Несколько сотен моряков, выкрикивая угрозы и проклятия, собрались во дворе здания, где работал Троцкий. Они жаждали его крови. Секретарь вбежал в кабинет Льва Давидовича:
— Моряки хотят вас убить. Пока еще есть время, немедленно бегите через задний ход. Они не слушают часовых и клянутся, что повесят вас на фонарном столбе!
Храбрости Троцкому было не занимать. Он выскочил из-за стола и сбежал вниз по парадной лестнице.
— Вы хотите говорить с Троцким? Я здесь!
И он произнес речь, самым энергичным образом объяснив свою позицию относительно Дыбенко, которого считал дезертиром. Личность Троцкого, его речи обладали такой магической силой, пишет Хаммер, что моряки успокоились и даже устроили ему триумфальный прием…
Троцкий проиграл Сталину не потому, что ему мешала слабая психика, а потому что он фактически и пальцем не пошевелил для того, чтобы сохранить свое место в партийном руководстве. Ради сохранения своего положения и власти Троцкий не пожелал пожертвовать своими убеждениями.
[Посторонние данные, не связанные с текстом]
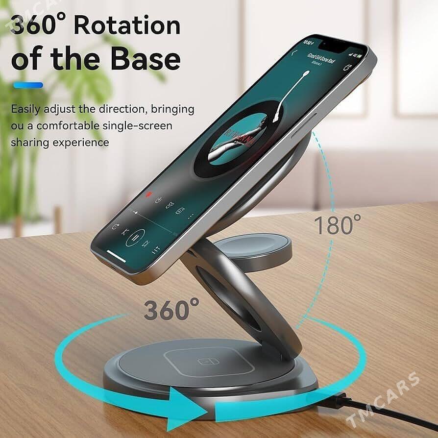 Беспроводное зарядное устройство ZGA WX05 360° Rotation and Folding 3 in 1 Magnetic 15W ️Полный каталог товаров по ссылке ниже️ mihome.com.tm Интернет магазин Доставка по Ашхабаду и велаятам ️ZGA WX05 Вращение на 360° и складное магнитное беспроводное зарядное устройство 3 в 1 для одновременной зарядки трех устройств: идеальное решение для зарядки ️В современную цифровую эпоху крайне важно оставаться на связи и получать питание. Независимо от того, находитесь ли вы дома, в офисе или в пути, крайне важно иметь надежное и удобное решение для зарядки ваших устройств. Именно здесь на помощь приходит магнитное беспроводное зарядное устройство «три в одном», вращающееся и складывающееся на 360°. Благодаря магнитному креплению MagSafe, функциям безопасности и портативному дизайну ZGA WX05 является идеальным решением для зарядки, отвечающим всем вашим потребностям. ️Магнитные аксессуары MagSafe заряжаются безопасно: Одной из выдающихся особенностей ZGA WX05 является магнитное крепление MagSafe. Это зарядное устройство обладает сильным магнетизмом и точной совместимостью с оригинальным магнитным модулем iPhone, что обеспечивает безопасное и стабильное соединение во время зарядки. Функциональность MagSafe дает вам душевное спокойствие, зная, что ваши устройства надежно подключены и безопасно заряжаются. ️Зарядка нескольких устройств одновременно: ZGA WX05 обеспечивает удобство зарядки нескольких устройств одновременно. Благодаря дизайну 3-в-1 вы можете одновременно заряжать телефон, часы и наушники по беспроводной сети. Это устраняет необходимость в отдельном зарядном устройстве, экономя ваше время и нервы. ️Безопасность, защита, душевное спокойствие: Безопасность имеет первостепенное значение, когда дело доходит до зарядки ваших устройств. ZGA WX05 оснащен множеством защитных устройств, обеспечивающих беспроблемную зарядку. Он имеет защиту от короткого замыкания, защиту от переразряда, защиту от перенапряжения, защиту от перегрузки, защиту от перезарядки и другие функции. Эти функции безопасности защищают ваше устройство от потенциальных рисков и дают вам спокойствие даже во время зарядки в ночное время. ️Регулируемое вращение на 360° для комфортного просмотра: ZGA WX05 имеет функцию вращения на 360°, что позволяет регулировать угол зарядки по вашему желанию. Независимо от того, смотрите ли вы видео, совершаете видеозвонки или просто просматриваете веб-страницы, вы легко можете найти идеальный угол обзора для комфортного просмотра. Регулируемая функция вращения повышает удовольствие от просмотра и снижает утомляемость глаз. ️Компактный и портативный дизайн: Одним из главных преимуществ ZGA WX05 является его компактный и портативный дизайн. Это зарядное устройство имеет складной тонкий профиль, что позволяет легко переносить и хранить его. В сложенном виде его толщина составляет всего 22,6 мм, поэтому его легко положить в карман или сумку. Путешествуете ли вы, работаете или просто в пути, ZGA WX05 станет вашим надежным спутником в зарядке. ️ Не подделка и не копия, 100% оригинальный товар mihome.com.tm

У него была масса достоинств — искрометный блеск ума, неисчерпаемый запас энергии, страстное красноречие и мужество, храбрость, решительность и способность брать на себя ответственность. Но это лишь часть портрета — Троцкий был еще самоуверенным и безапелляционным, колючим, нетерпимым и властным.
«Более чем любая другая фигура в русской революции Троцкий оказался способным поднимать массы силой своего революционного темперамента и блестящего ума, — писала Анжелика Балабанова. — Но он не вызывал личных симпатий, или если и вызывал, то не мог долго удерживать их, особенно в близких отношениях среди друзей и товарищей. Его высокомерие было равно его талантам и способностям, а его манера проявлять его в личных отношениях часто создавала дистанцию между ним и людьми из его окружения, которая исключала и личную теплоту, и какое бы то ни было чувство равенства и сотрудничества».
Лев Давидович демонстрировал свое превосходство окружающим и не мог рассчитывать на любовь партийного аппарата, ненавидевшего людей ярких.
Борис Георгиевич Бажанов, бывший секретарь Сталина, описал заседание политбюро, на котором Троцкий громил «бездушных партийных функционеров, которые каменными задами душат всякое проявление свободной инициативы и творчества трудящихся масс».
Молотов, поправляя пенсне и заикаясь, ответил:
— Не всем же быть гениями, товарищ Троцкий.